## Exercise details
Take the lines below from the one with "KEYBEDの位置も、本来の" through the one with "クリスマス 父の日 レディース財布" and retype them exactly. Include nothing else, and no pictures.

START Source material

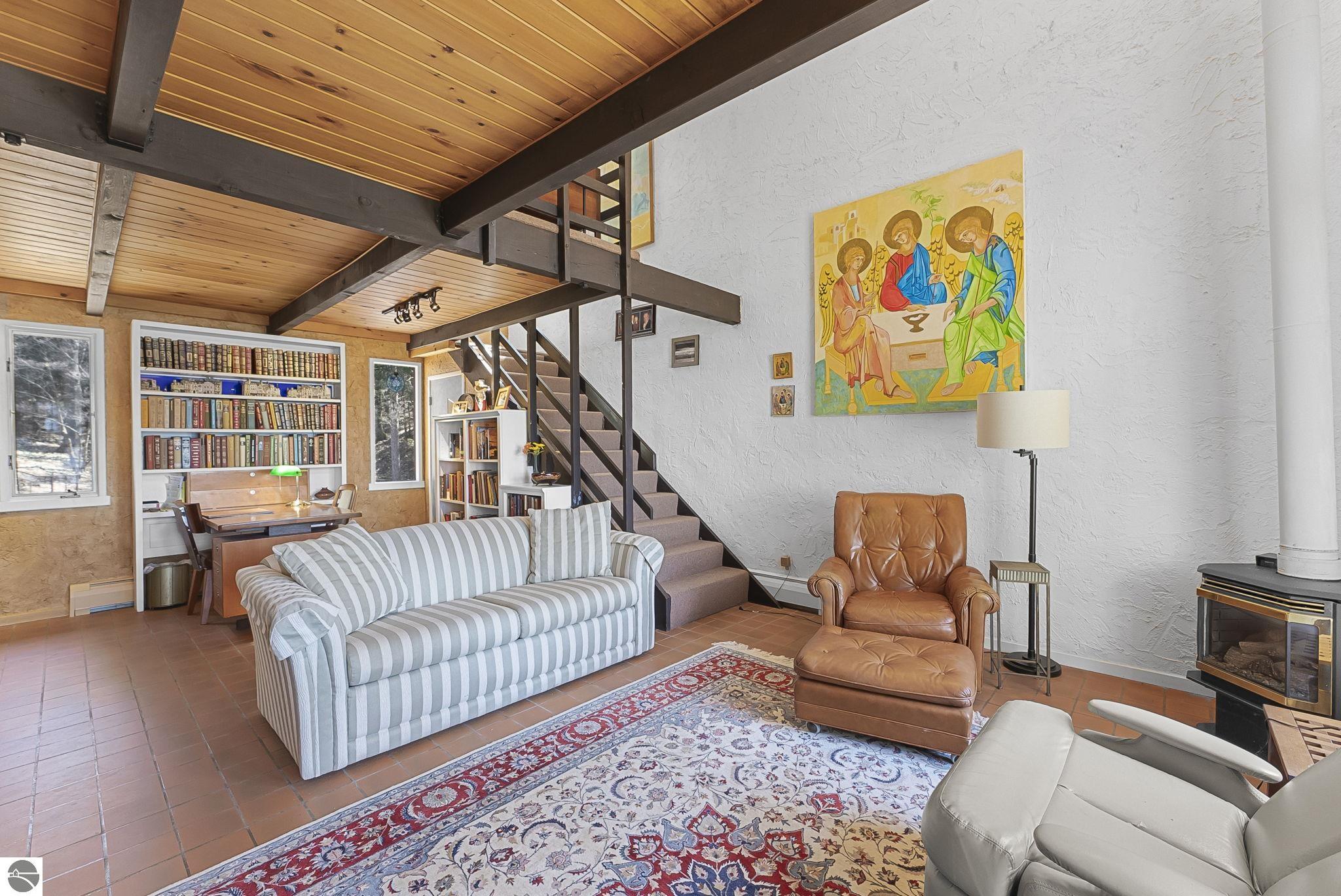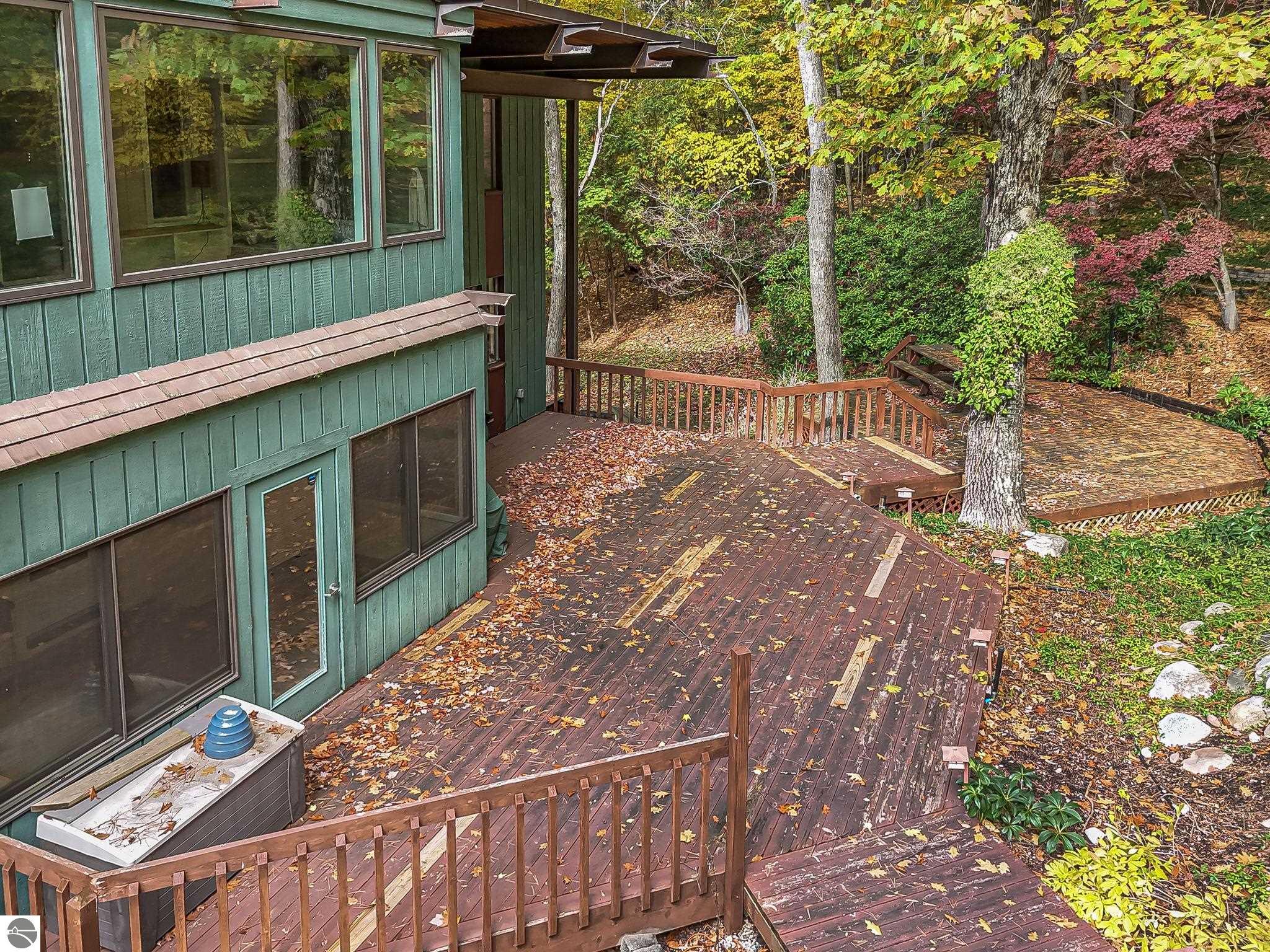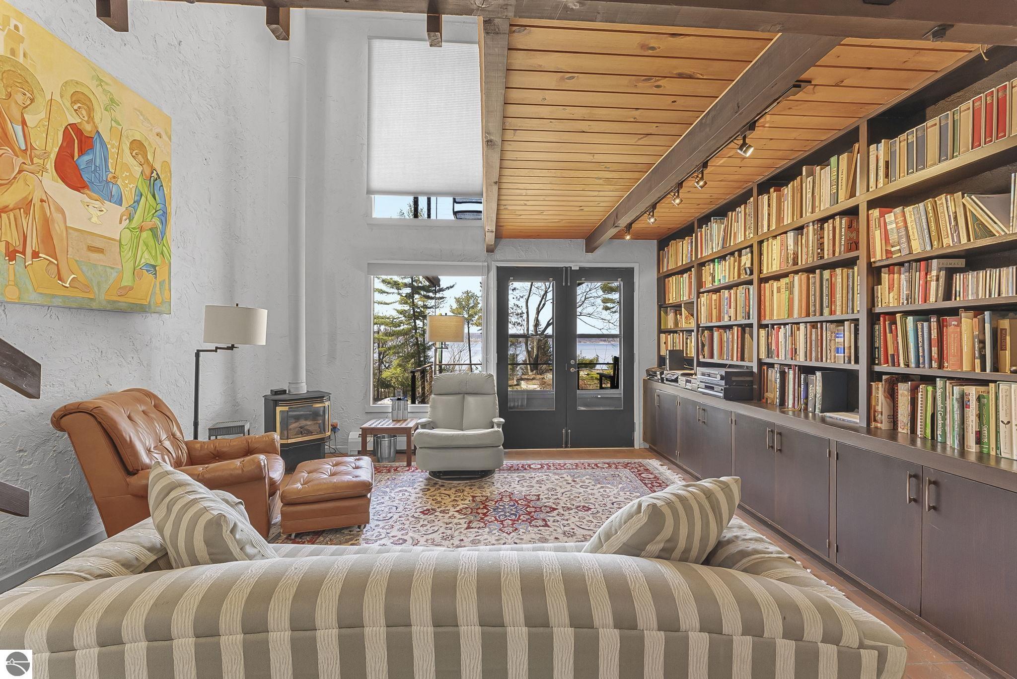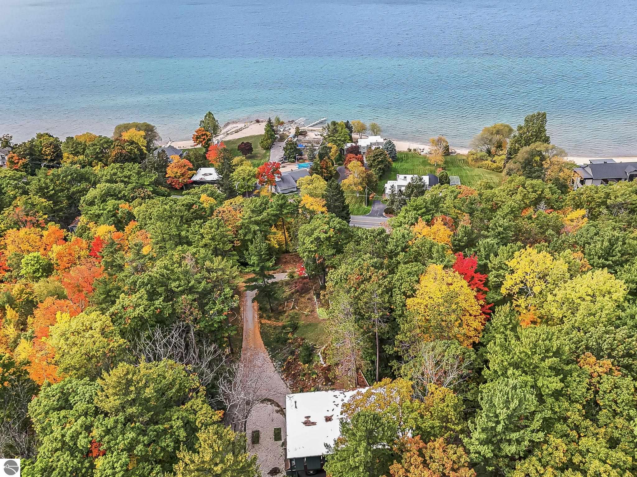 Set near the coveted base of Old Mission Peninsula, this exceptional property offers a rare combination of scale, privacy, and proximity--features seldom found in a single offering. The beautiful and unique architecture of this home is like no other on Old Mission. With just over six acres, the estate presents an extraordinary opportunity in one of Traverse City's most sought-after locations, where acreage of this magnitude is virtually unheard of. The 3,500-square-foot residence is thoughtfully positioned to capture sweeping sunset views over West Bay, with a front-row seat to summer airshows, holiday fireworks, and the ever-changing rhythm of boat traffic along the shoreline. The home offers several separate family areas for entertaining, celebrating family or simply downtime in the cozy and warm interior. Expansive windows and well-proportioned living spaces bring the outdoors in, creating a seamless connection to the surrounding landscape. With three bedrooms and three baths, the home is both substantial and comfortable, offering flexibility for year-round living or a refined seasonal retreat. Just minutes from downtown Traverse City, yet removed enough to feel private and serene, this is a truly rare holding on Old Mission Peninsula--where location, land, and view converge in a way that is increasingly difficult to find. A lower level workshop with tons of storage and a really nice sized garden shed are another bonus with this property. The Views are incredible and the wooded and rolling acreage offers so many opportunities you wont find with other homes.
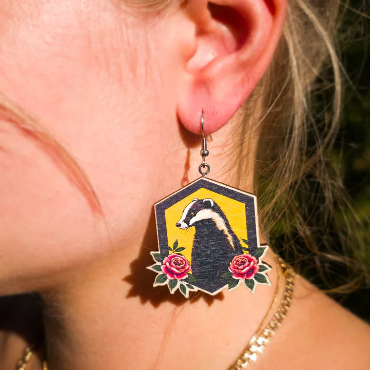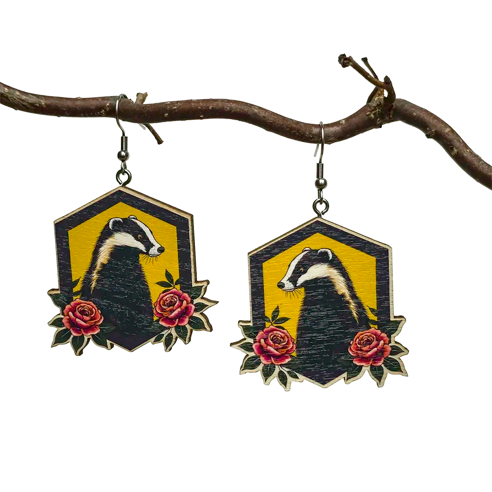 Ylväs mäyrä seisoo tarkkana kuin metsän vartija – ja sen ympärillä kukkivat ruusut kuin kruununa. Mäyräherra-korvakorut ovat täydellinen yhdistelmä voimaa ja herkkyyttä, valmistettu kotimaisesta vanerista ja viimeistelty ainutlaatuisella printtikuosilla. Näissä koruissa on tarina – ja sinä voit kantaa sen mukanasi.
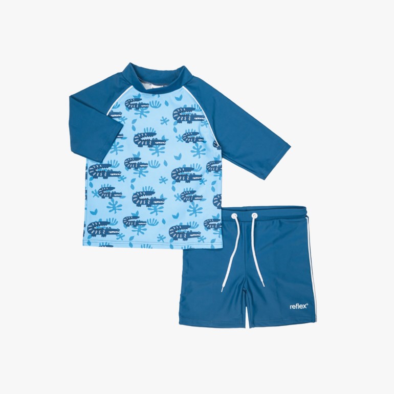 • Overdel med korte ermer og tilhørende badeshorts med snøring i livet. • Navnelapp i både bukse og overdel. • Blokkerer minst 98% av solens UVA- og UVB-stråling. • Solfilter UPF 50; beskyttelsesklassifisering EXCELLENT • Plagg med UPF solfilter og solbeskyttende egenskaper, er underlagt «PVU-forordningen» EU 2016/425 og er derfor både designet, produsert og testet ihht AS 4399:2020. • Str. 86-92 cm 18-24 mnd – 134-140 cm 9-10 år. • Materiale: 80% resirkulert polyamid, 20% elastan. • For å ivareta både plagget og miljøet så godt som mulig, anbefaler vi å minimere antall vask så mye man kan. Skyll plagget i rikelig med ferskvann og la det lufttørke i skyggen. Unngå å la det tørke direkte i sollys. Dette vil forlenge levetiden på plagget, minimere energibruk samt skåne miljøet for unødvendig utslipp og overforbruk.
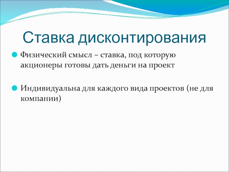 то проект при рассматриваемой ставке дисконтирования считается приемлемым.
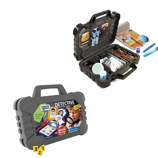 Una valigetta scientifica da vero detective per indagare sulle scene del crimine e scoprire il colpevole. Rileva impronte digitali, realizza calchi di gesso, cataloga prove e sistemi per isolare la scena del crimine e codifica messaggi criptati. Tutto l’occorrente per divertirti e giocare a diventare un vero detective. Un gioco che unisce il mondo della scienza a quello del mistero. Età consigliata: dagli 8 anni in su.
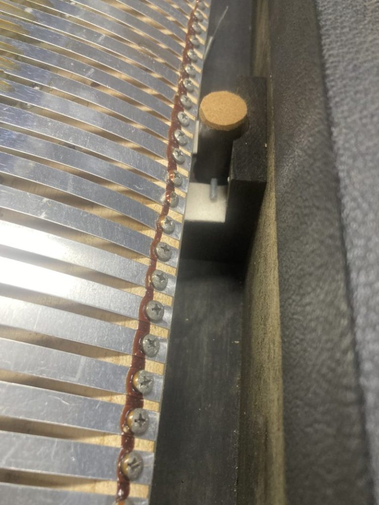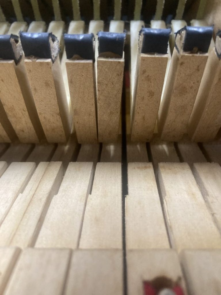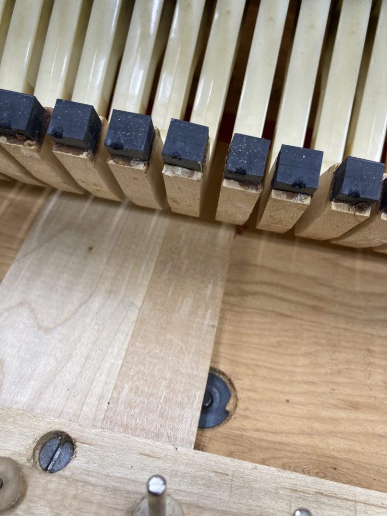KEYBEDの位置も、本来の位置からずれているようです。拍子木の手前にスペーサーとしてクッションフェルトがかんでありました。
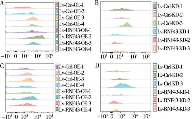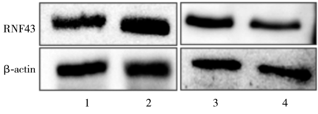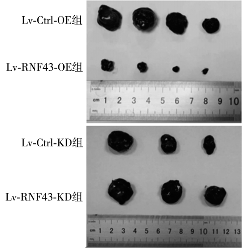 目的探讨环指蛋白43(RNF43)对黑色素瘤中CD8+T细胞介导的抗肿瘤免疫反应的调节作用。方法利用慢病毒感染技术对小鼠黑色素瘤细胞株B16-OVA进行RNF43基因过表达与敲低;通过小鼠皮下成瘤实验检测Lv-Ctrl-OE组、Lv-RNF43-OE组、Lv-Ctrl-KD组和Lv-RNF43-KD组小鼠黑色素瘤细胞株B16-OVA体内增殖情况,通过流式细胞术检测黑色素瘤肿瘤免疫微环境中CD8+T细胞穿孔素和γ干扰素(IFN-γ)的表达水平;采用实时荧光定量PCR实验检测细胞中β-catenin和程序性死亡受体配体1(PD-L1) mRNA的表达水平;通过双荧光素酶报告基因实验检测RNF43对PD-L1的转录调控作用。结果本研究成功构建RNF43稳定过表达与敲低的小鼠黑色素瘤细胞株Lv-RNF43-OE和Lv-RNF43-KD。小鼠皮下成瘤实验结果显示,Lv-RNF43-OE组瘤体质量为(0.08±0.06)g,明显小于Lv-Ctrl-OE组的(1.04±0.52)g,差异有统计学意义(t=3.71,P=0.032);Lv-RNF43-KD组瘤体质量为(1.94±0.29)g,与Lv-Ctrl-KD组的(1.15±0.74)g相比差异无统计学意义(t=-1.70,P=0.164)。流式细胞术结果显示,Lv-RNF43-OE组CD8+T细胞穿孔素荧光强度为9 034±2 628,明显高于Lv-Ctrl-OE组的3 847 ±1 637,差异有统计学意义(t=-3.35,P=0.015);Lv-RNF43-KD组CD8+T细胞穿孔素荧光强度为966±247,明显低于Lv-Ctrl-KD组的2 226±646,差异有统计学意义(t=3.16,P=0.034);Lv-RNF43-OE组CD8+T细胞IFN-γ荧光强度为2 422±429,明显高于Lv-Ctrl-OE组的1 688±324,差异有统计学意义(t=-2.73,P=0.034);Lv-RNF43-KD组CD8+T细胞IFN-γ荧光强度为614(454,863),与Lv-Ctrl-KD组的1 159(1 152,2 068)相比差异有统计学意义(Z=-1.96,P=0.050)。实时荧光定量PCR实验结果显示,Lv-RNF43-OE组β-catenin mRNA相对表达量为0.67±0.16,明显低于Lv-Ctrl-OE组的1.00±0.11,差异有统计学意义(t=2.98,P=0.041);Lv-RNF43-OE组PD-L1 mRNA相对表达量为0.32±0.09,明显低于Lv-Ctrl-OE组的1.00±0.09,差异有统计学意义(t=9.13,P=0.001)。双荧光素酶报告基因实验结果显示,pCMV6-NC组、RNF43组、RNF43+β-catenin组和β-catenin组PD-L1启动子荧光素酶活性分别为1.00±0.00、0.84±0.00、1.49±0.00和1.57±0.03(F=2 218.33,P<0.001),进一步两两比较发现,与pCMV6-NC组相比,RNF43组PD-L1启动子荧光素酶活性明显降低(P<0.001),RNF43+β-catenin组和β-catenin组PD-L1启动子荧光素酶活性明显升高(P<0.001;P=0.003);与RNF43组相比,RNF43+β-catenin组PD-L1启动子荧光素酶活性明显升高(P<0.001)。结论RNF43可能通过抑制β-catenin的表达降低黑色素瘤中PD-L1 mRNA的表达并促进CD8+T细胞介导的抗肿瘤免疫反应。
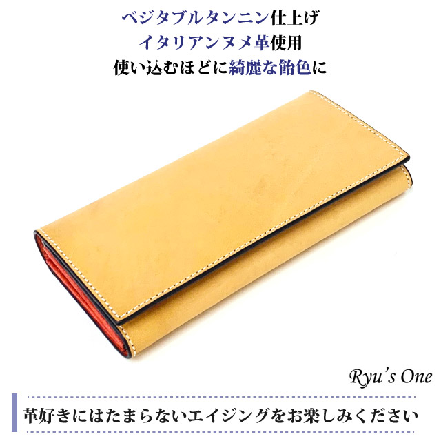 【ラッピング袋無料】Ryus One リューズワン INシリーズ ヌメ革 長札入れ 15-4064 メンズ 財布 ブランド かぶせ長財布 紳士用 男性用 牛革 メンズ財布 人気 通販 小銭入れあり ネイビー 紺 レッド 赤 イエロー 黄色 金運 プレゼント ギフト クリスマス 父の日 レディース財布
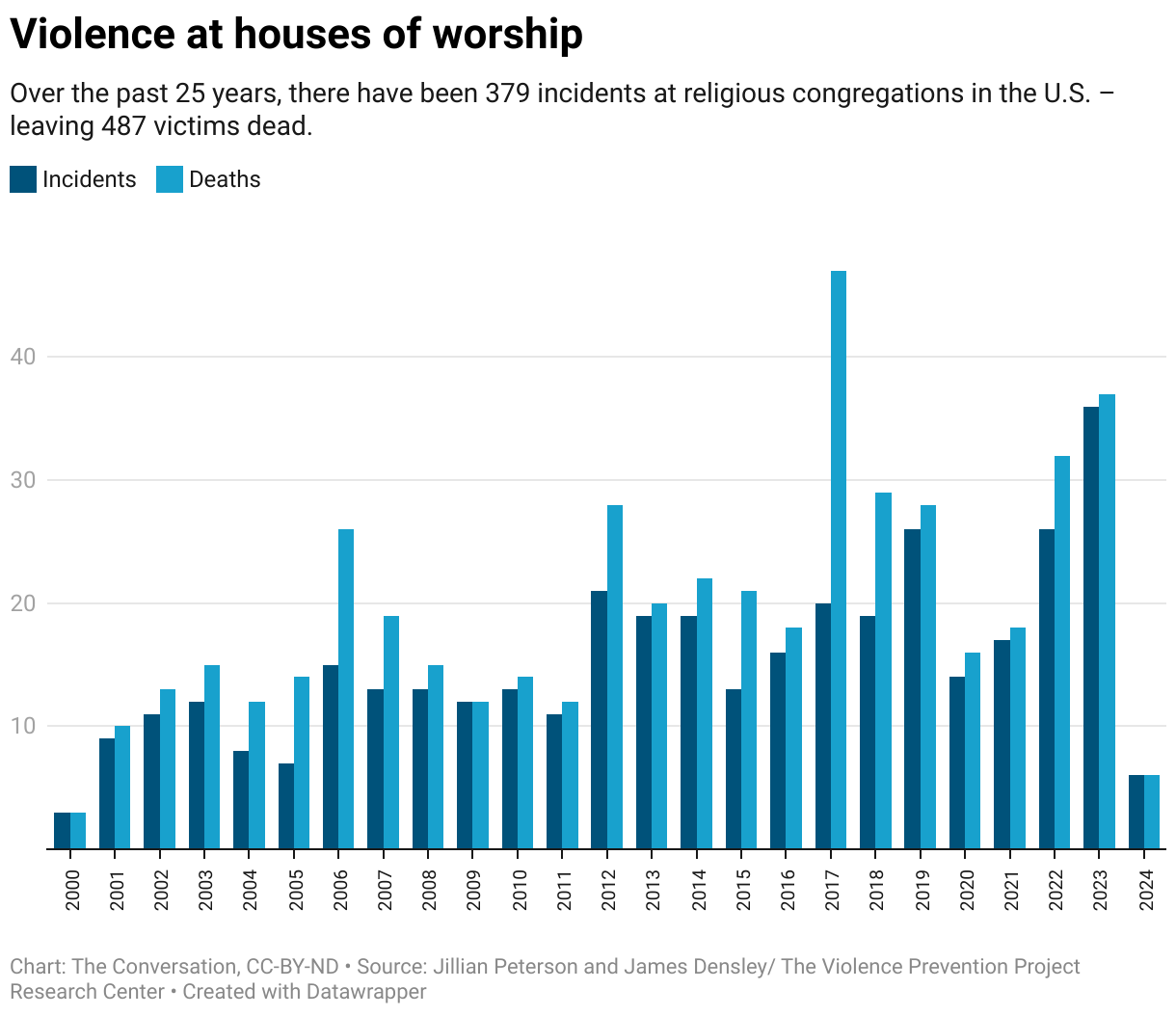 From 2000 to 2024, the dataset records 379 incidents and 487 deaths at religious congregations and religious community centers. Most involved a single victim, but some – like the recent shootings in Michigan and Minnesota – killed or injured many people.
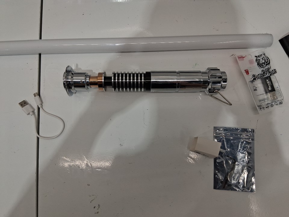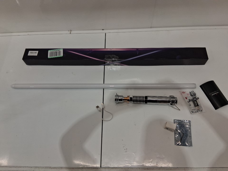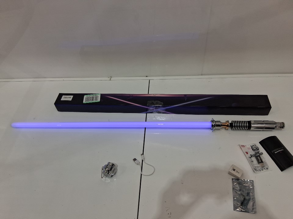 please note the product was tested for basics power and start up only. the product was discovered to have some scratches and scuff marks on the blade where it would connect to the hilt, please see photos for more details
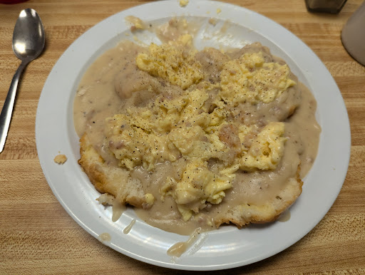 Have been in several times lately. At first I was pretty impressed with my visits but today will make me pause before I go back. We went in at 1:50. They close at 2:30. The waitress who has waited on me before and was very good had a look on her face like "oh no, a customer". One area had just been mopped (preparing to close I guess) so we sat down where she told us to. She was not a good waitress and everything on my plate I was served was cold. The usually delicious biscuits they serve was cold and dry. Forget about the butter melting when it was put in the biscuit. So disappointed. Not only do people expect a friendly server and reasonable price but you surely should be able to expect hot food. Not cold just because it is 40 minutes before...
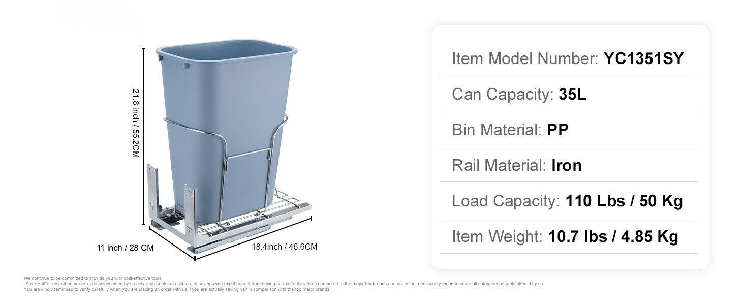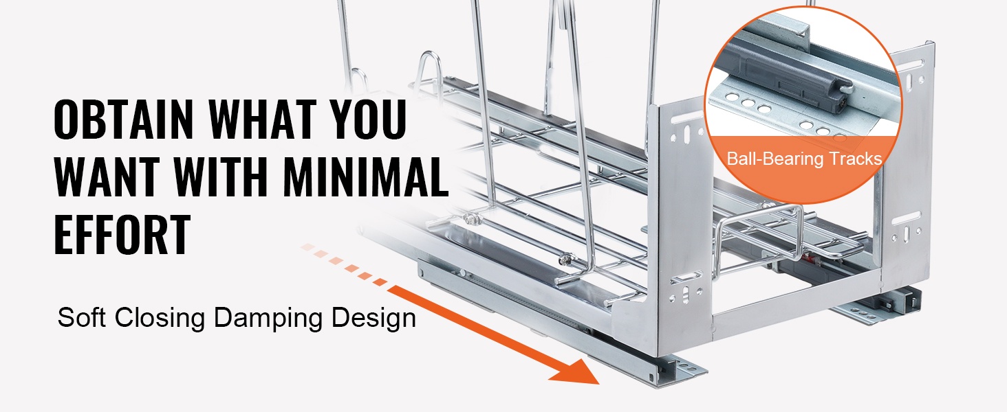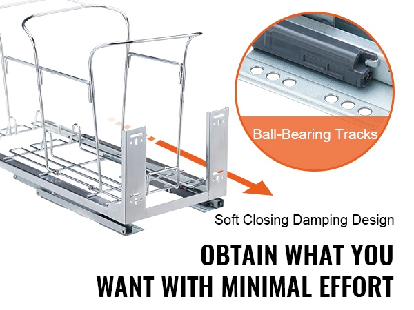 Ulosvedettävä jäteastia-alusta rautarunko 312x410x540 mm alakaappiin kantavuus 16 kg sileät liukukiskot

END Source material

## Problem solution
KEYBEDの位置も、本来の位置からずれているようです。拍子木の手前にスペーサーとしてクッションフェルトがかんでありました。
 目的探讨环指蛋白43(RNF43)对黑色素瘤中CD8+T细胞介导的抗肿瘤免疫反应的调节作用。方法利用慢病毒感染技术对小鼠黑色素瘤细胞株B16-OVA进行RNF43基因过表达与敲低;通过小鼠皮下成瘤实验检测Lv-Ctrl-OE组、Lv-RNF43-OE组、Lv-Ctrl-KD组和Lv-RNF43-KD组小鼠黑色素瘤细胞株B16-OVA体内增殖情况,通过流式细胞术检测黑色素瘤肿瘤免疫微环境中CD8+T细胞穿孔素和γ干扰素(IFN-γ)的表达水平;采用实时荧光定量PCR实验检测细胞中β-catenin和程序性死亡受体配体1(PD-L1) mRNA的表达水平;通过双荧光素酶报告基因实验检测RNF43对PD-L1的转录调控作用。结果本研究成功构建RNF43稳定过表达与敲低的小鼠黑色素瘤细胞株Lv-RNF43-OE和Lv-RNF43-KD。小鼠皮下成瘤实验结果显示,Lv-RNF43-OE组瘤体质量为(0.08±0.06)g,明显小于Lv-Ctrl-OE组的(1.04±0.52)g,差异有统计学意义(t=3.71,P=0.032);Lv-RNF43-KD组瘤体质量为(1.94±0.29)g,与Lv-Ctrl-KD组的(1.15±0.74)g相比差异无统计学意义(t=-1.70,P=0.164)。流式细胞术结果显示,Lv-RNF43-OE组CD8+T细胞穿孔素荧光强度为9 034±2 628,明显高于Lv-Ctrl-OE组的3 847 ±1 637,差异有统计学意义(t=-3.35,P=0.015);Lv-RNF43-KD组CD8+T细胞穿孔素荧光强度为966±247,明显低于Lv-Ctrl-KD组的2 226±646,差异有统计学意义(t=3.16,P=0.034);Lv-RNF43-OE组CD8+T细胞IFN-γ荧光强度为2 422±429,明显高于Lv-Ctrl-OE组的1 688±324,差异有统计学意义(t=-2.73,P=0.034);Lv-RNF43-KD组CD8+T细胞IFN-γ荧光强度为614(454,863),与Lv-Ctrl-KD组的1 159(1 152,2 068)相比差异有统计学意义(Z=-1.96,P=0.050)。实时荧光定量PCR实验结果显示,Lv-RNF43-OE组β-catenin mRNA相对表达量为0.67±0.16,明显低于Lv-Ctrl-OE组的1.00±0.11,差异有统计学意义(t=2.98,P=0.041);Lv-RNF43-OE组PD-L1 mRNA相对表达量为0.32±0.09,明显低于Lv-Ctrl-OE组的1.00±0.09,差异有统计学意义(t=9.13,P=0.001)。双荧光素酶报告基因实验结果显示,pCMV6-NC组、RNF43组、RNF43+β-catenin组和β-catenin组PD-L1启动子荧光素酶活性分别为1.00±0.00、0.84±0.00、1.49±0.00和1.57±0.03(F=2 218.33,P<0.001),进一步两两比较发现,与pCMV6-NC组相比,RNF43组PD-L1启动子荧光素酶活性明显降低(P<0.001),RNF43+β-catenin组和β-catenin组PD-L1启动子荧光素酶活性明显升高(P<0.001;P=0.003);与RNF43组相比,RNF43+β-catenin组PD-L1启动子荧光素酶活性明显升高(P<0.001)。结论RNF43可能通过抑制β-catenin的表达降低黑色素瘤中PD-L1 mRNA的表达并促进CD8+T细胞介导的抗肿瘤免疫反应。
 【ラッピング袋無料】Ryus One リューズワン INシリーズ ヌメ革 長札入れ 15-4064 メンズ 財布 ブランド かぶせ長財布 紳士用 男性用 牛革 メンズ財布 人気 通販 小銭入れあり ネイビー 紺 レッド 赤 イエロー 黄色 金運 プレゼント ギフト クリスマス 父の日 レディース財布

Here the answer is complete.